PDEs in Mixed Quantum-Classical Dynamics and the Koopmon Method

To alleviate the computational cost associated with fully quantum dynamics, a novel mixed quantum-classical (MQC) particle method – the Koopmon method – has recently been introduced [1]. Unlike conventional MQC models, which often suffer from inconsistencies such as violations of Heisenberg’s principle, this new approach resolves these issues by blending Koopman’s formulation of classical mechanics on Hilbert spaces with tools from symplectic geometry.

The resulting continuum model, which can be regarded as a correction to the Ehrenfest PDE, retains both a variational and a Hamiltonian structure, while its nonlinear character calls for suitable closure schemes. Exploiting the underlying action principle, we introduce a regularization procedure that enables a singular-solution ansatz, thereby defining the trajectories of computational particles – the so-called Koopmons.

Numerical experiments demonstrate the capability of the Koopmon method to reproduce nonadiabatic quantum-classical transitions and to capture Rashba-type spin dynamics in quantum nanowire systems. We conclude by proposing a novel strategy for a hybrid Ehrenfest–Koopman implementation that integrates the advantages of both approaches.

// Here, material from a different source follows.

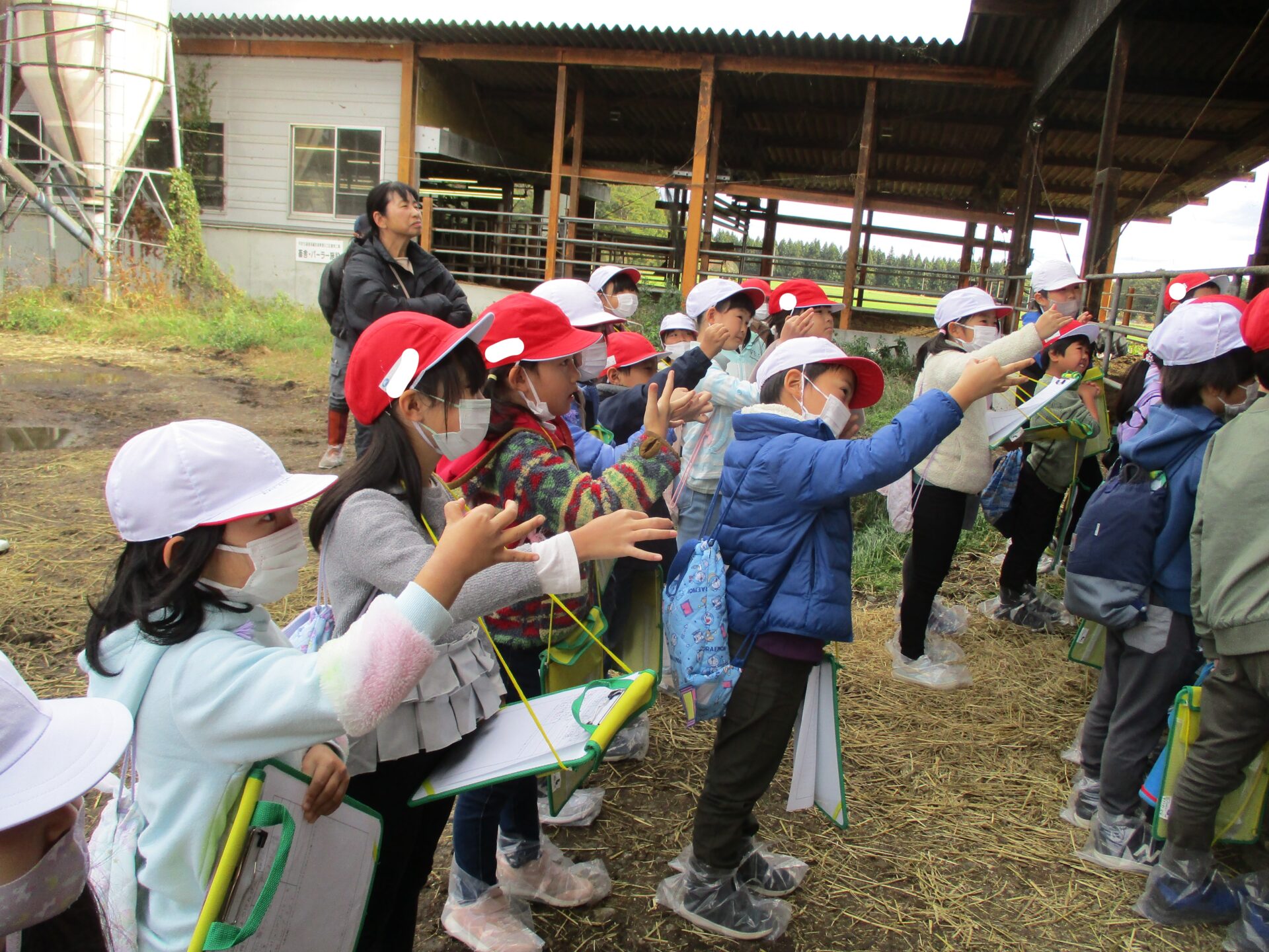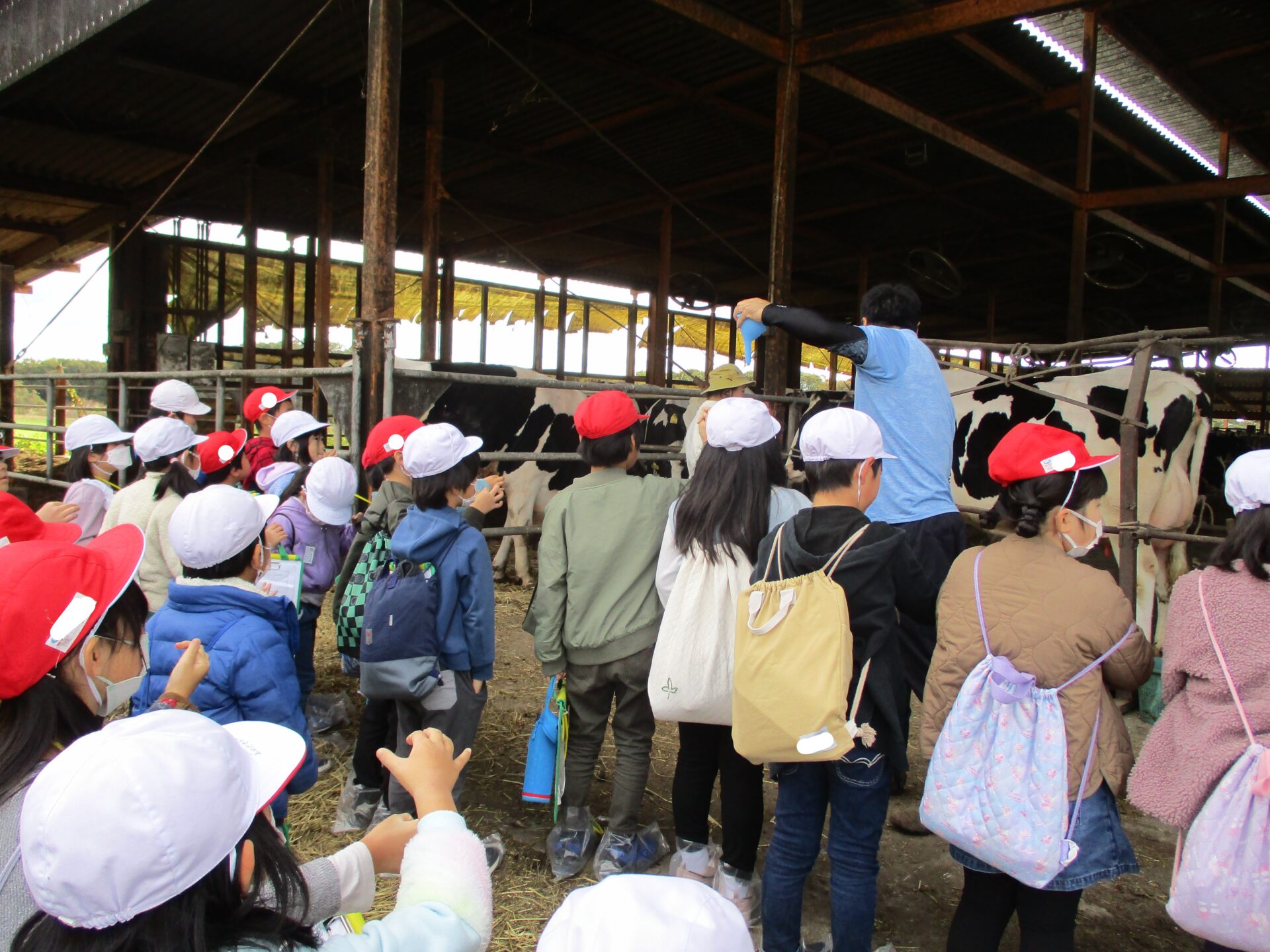 大きな牛がたくさんいて2年生は大喜びです。

[1] Bauer, W.; Bergold, P.; Gay-Balmaz, F., and Tronci, C. Koopmon trajectories in nonadiabatic quantum-classical dynamics. SIAM Multiscale Model. Simul., 22(4):1365-1401 (2024)
[2] Gay-Balmaz, F.; Tronci, C. Evolution of hybrid quantum-classical wavefunctions. Phys. D 440, 133450 (2022)
[3] Gay-Balmaz, F.; Tronci, C. Koopman wavefunctions and classical states in hybrid quantum-classical dynamics. J. Geom. Mech. 14, n. 4, 559-596 (2022)